The last known person to see Tina Sisk-Gavach alive was found guilty of second-degree murder in another state last month. Now, investigators in the nearly five-year-old Ardmore cold case are pushing for answers.


Ardmore police began focusing on 45-year-old Kalvin Allison as a person of interest in the alleged murder of Sisk-Gavach after he was arrested over 700 miles away in Pensacola, Florida, in May 2019. Allison reportedly withdrew money from his neighbor’s bank account just three days after his neighbor was murdered.


Florida investigators were able to connect Allison with the murder based on evidentiary items found at his residence and he was sentenced to life in prison in October for second-degree murder, grand theft and destroying evidence.


Allison had previously been a person of interest in the Ardmore cold case based on the fact that he was the last known person to see the victim alive, Ardmore Police Department Capt. Eric Hamblin said.


Sisk-Gavach was first reported missing in January 2015. After several months of an intensive effort to locate the 42 year old, investigators reportedly discovered her remains buried in a shallow, handmade grave on a property in Lone Grove.


The victim’s remains were mostly decomposed by the time they were found, making it difficult for medical examiners to determine a cause of death, Hamblin said. There were no signs of cuts in her rib cage, fractured bones or a bullet in the head.

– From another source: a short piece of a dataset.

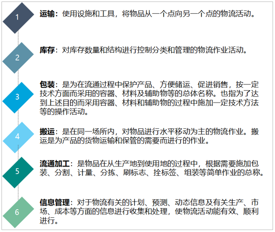 中國(guó)物流行業(yè)起步較晚,隨著國(guó)民經(jīng)濟(jì)的飛速發(fā)展,中國(guó)物流行業(yè)保持較快增長(zhǎng)速度,物流體系不斷完善,行業(yè)運(yùn)行日益成熟和規(guī)范。具體內(nèi)容包括以下幾個(gè)方面:用戶(hù)服務(wù)、需求預(yù)測(cè)、訂單處理、配送、存貨控制、運(yùn)輸、倉(cāng)庫(kù)管理、工廠和倉(cāng)庫(kù)的布局與選址、搬運(yùn)裝卸、采購(gòu)、包裝、情報(bào)信息。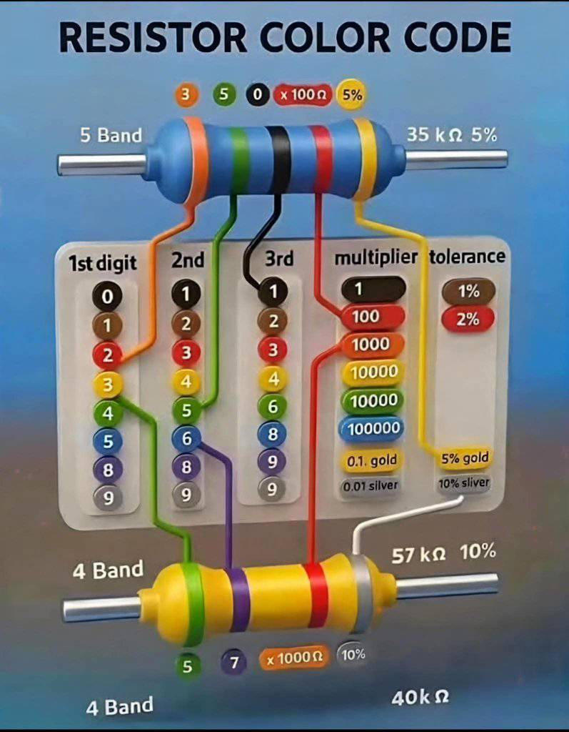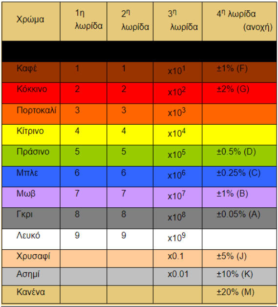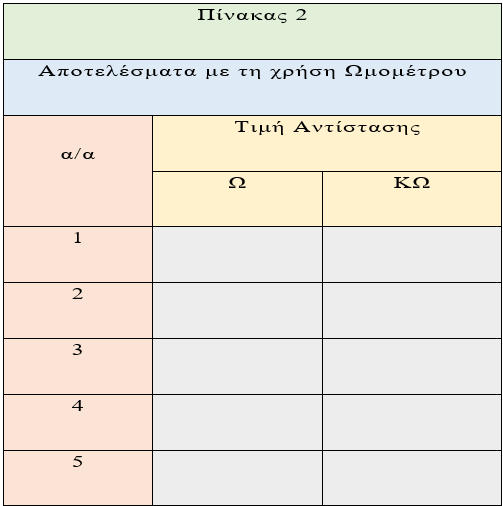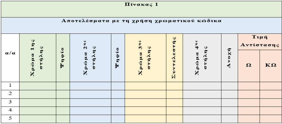 Μέτρηση αντίστασης με κώδικα χρωμάτωνΑ. ΘΕΩΡΗΤΙΚΟ ΜΕΡΟΣΟ χρωματικός κώδικας αποτελεί μέσο για τον υπολογισμό της ωμικής αντίστασης καθώς και της ανοχής της. Οι αντιστάσεις χρησιμοποιούν τον χρωματικό κώδικα για να γίνει εύκολη η ανάγνωση τους.Ηηλεκτρικήαντίσταση(R)είναιέναηλεκτρολογικό/ηλεκτρονικόεξάρτηματοοποίοχρησιμοποιείταισεδιάφορακυκλώματαγιατονέλεγχοτηςροής του ρεύματος. Η μονάδα μέτρησης της ηλεκτρικής αντίστασης στο Διεθνές Σύστημα Μονάδων (SI), είναι το Ωμ(Ohm).Οιτιμέςτωναντιστάσεωνπαρουσιάζουνανοχήσεσχέσημεαυτέςπουυπολογίζονταιλαμβάνονταςυπ’όψηταχρώματατους.Έτσι,οι κατασκευαστές, έχουν προσθέσει μια τέταρτη ζώνη χρώματος, την ανοχή, για να δηλώσουν την ακρίβεια της αντίστασης.Σεμίααντίστασημετέσσεριςχρωματικέςλωρίδες(όπωςοπαραπάνωαντιστάτης),οιτρειςπρώτεςλωρίδεςβρίσκονταισχετικάκοντάημίαστην άλληκαικαθορίζουντηντιμήτηςαντίστασης,ενώητέταρτηπουβρίσκεταιλίγομακρύτερααπότιςυπόλοιπεςτρειςυποδηλώνειτηνανοχήτηςτιμής τηςαντίστασης.Τοχρώματηςλωρίδαςτηςανοχήςείναισυνήθωςχρυσαφίήασημί.Ανδενυπάρχειτέταρτηλωρίδαηανοχήτουαντιστάτηθεωρείται ίση με 20%. Γιαναβρούμετηντιμήμίαςαντίστασης,τοποθετούμετηναντίστασηέτσιώστεηλωρίδατηςανοχήςναβρίσκεταιτελευταία(δηλαδήδεξιά).Τότετο πρώτοκαιτοδεύτεροχρώμα(πρώτη-δεύτερηλωρίδα)αντιστοιχούνσταδύοπρώταακέραιαψηφίατηςαντίστασης.Τοχρώματηςτρίτηςλωρίδας είναιπολλαπλασιαστήςκαιαντιστοιχείστοπαράγοντα(δύναμητου10)μετονόποιοπρέπειναπολλαπλασιαστούνταψηφίατωνδύοπρώτων λωρίδων. Ο αριθμός που προκύπτει είναι η τιμή της αντίστασης, ενώ βλέποντας την τέταρτη και τελευταία λωρίδα σημειώνουμε και την ανοχή της. Β. ΠΟΡΕΙΑ ΕΡΓΑΣΙΑΣΧρησιμοποιήστε πέντε διαφορετικές αντιστάσεις και υπολογίστε την τιμή τους με βάση τον χρωματικό κώδικαΣυμπληρώστε τον Πίνακα1Μετρήστε την τιμή των ίδιων αντιστάσεων με ωμόμετροΣυμπληρώστε τον Πίνακα 2Γ. ΠΙΝΑΚΑΣ ΜΕΤΡΗΣΕΩΝΔ. ΣΥΜΠΕΡΑΣΜΑΤΑΔραστηριότητα: Υπάρχει αντιστοίχιση μεταξύ των τιμών του Πίνακα 1 και του Πίνακα 2;

Five years later, Sisk-Gavach’s cause of death is still marked as “unknown” in the medical examiner’s report.


“The problem is that in this case, the medical examiner’s report makes it very difficult to move forward. But having said that, we never close homicide cases,” Hamblin said. “If it’s an unsolved case, it’s open. We have investigators assigned to all of our cold cases and they’re continually following up on leads, continually looking for new ways to solve the crime.”


Hamblin said Allison is believed to have moved from Ardmore to the Pensacola area sometime around the discovery of the victim’s body in July 2015.

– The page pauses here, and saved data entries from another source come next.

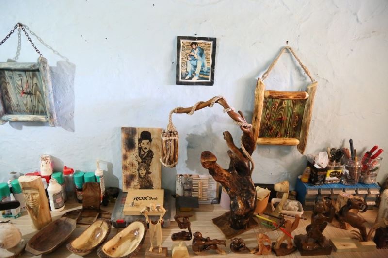 Antalya’da çalışırken 2 yıl önce memleketi Tunceli’nin Hozat ilçesine dönerek yerleşen Murat Göktaş (45), pandemi sürecini de fırsata çevirdi. Evinin depo olarak kullanılan bölümünü atölyeye çeviren Göktaş, hiç bir eğitim almadan dağlardan topladığı kuru meşe, kavak ve çam ağaç parçalarından ürünler yapmaya başladı. Dağ keçisinden, insan figürlerine kadar farklı farklı motifler yapan Göktaş, ürünlerini sosyal medyada kurduğu sayfa üzerinden satarak ekonomik gelir de elde etmeye başladı.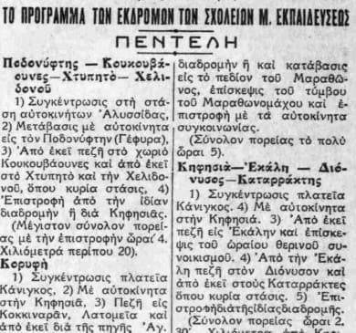 Δημοσίευμα της εφημερίδας Αθλητικά Χρονικά το 1932… Εκδρομές στην Αθήνα με φόντο τον Ποδονίφτη, τη Νέα Φιλαδέλφεια δηλαδή…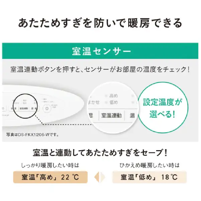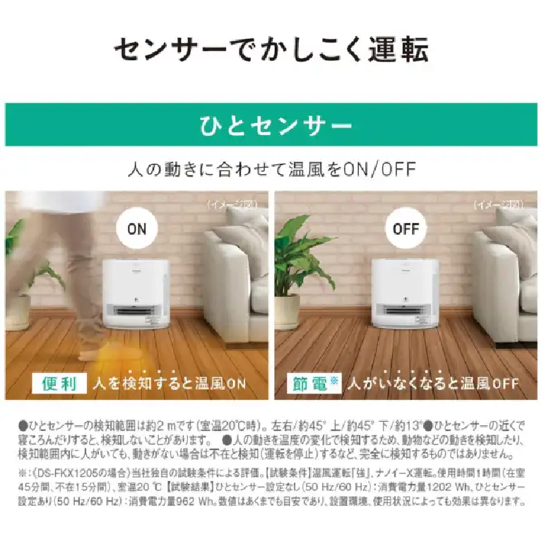 また、人の動きを感知して自動で温風をON/OFFする「ひとセンサー」、室温を検知して暖めすぎを防ぐ「室温センサー」を搭載。ムダな電力消費を抑えつつ、心地よいあたたかさをキープできます。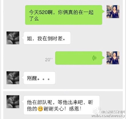 随后,南都娱乐周刊主编谢晓微信张歆艺,得到了张歆艺默认恋情的回复。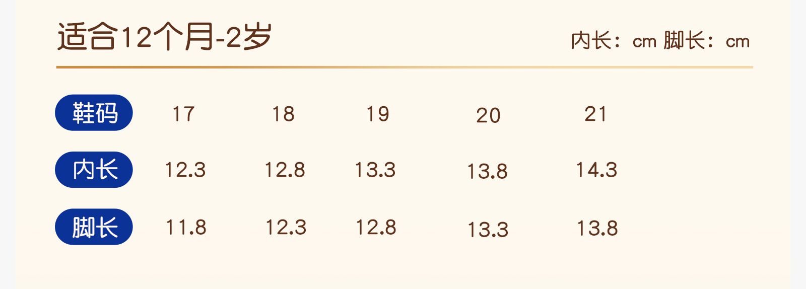• 21码内长14.3CM适合脚长13.8CM左右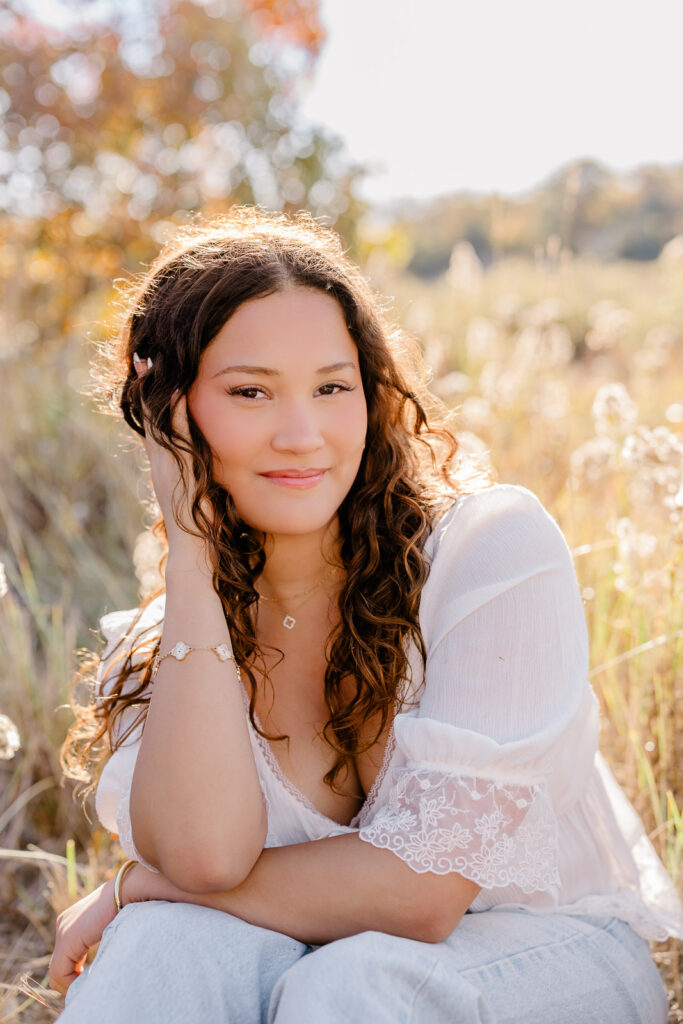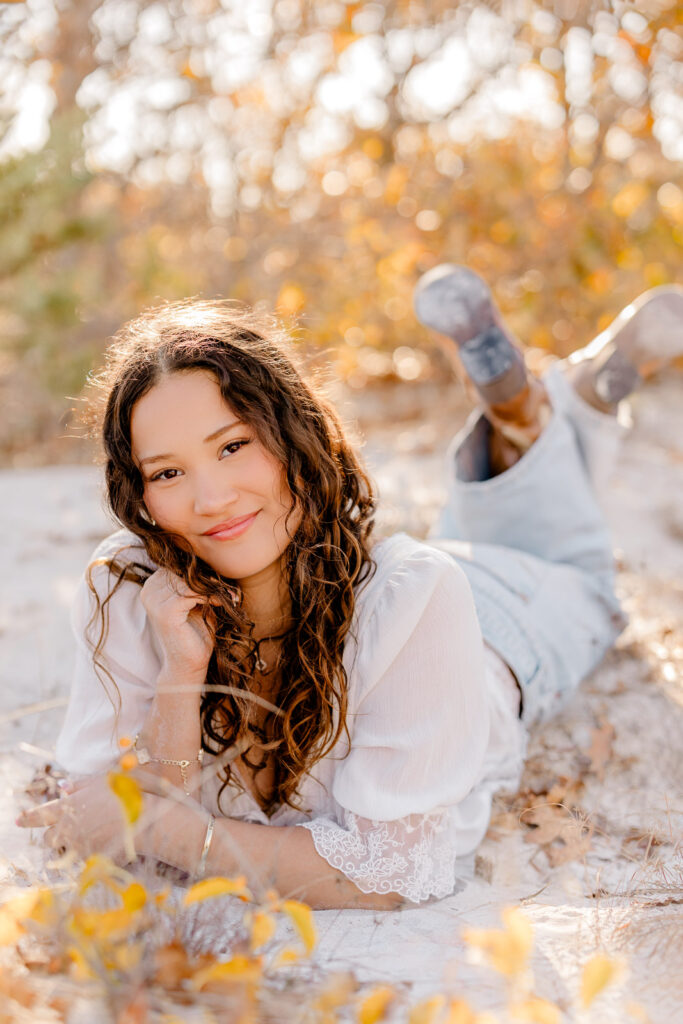 Many of my clients ask me, “When is the best time of year for senior pictures?”. Most of my seniors love late July, August, or early September. However, my personal favorite months are late September and October. The air is crisper, and the humidity and bugs have calmed down. Additionally, the chance of pop-up thunderstorms drops way down, and the light turns extra golden. This makes everything feel dreamy and effortless.

“I know that he moved there shortly after the discovery of her body or shortly before — we weren’t sure at the time which, but either right before or right after her body was discovered, he moved to Florida,” Hamblin said. “Strange, I know.”


The case may be hard to prosecute due to a lack of evidence, Hamblin said. However, investigators are currently working to see if they can elicit a confession from Allison. If enough evidence is obtained, Hamblin said charges will be sent over to the District Attorney’s office.


“The family deserves closure, we need to know what happened,” Hamblin said. “If it’s a crime and we’re able to prove that it’s a crime, the District Attorney will file a charge and (Allison) will have to answer for his crime.”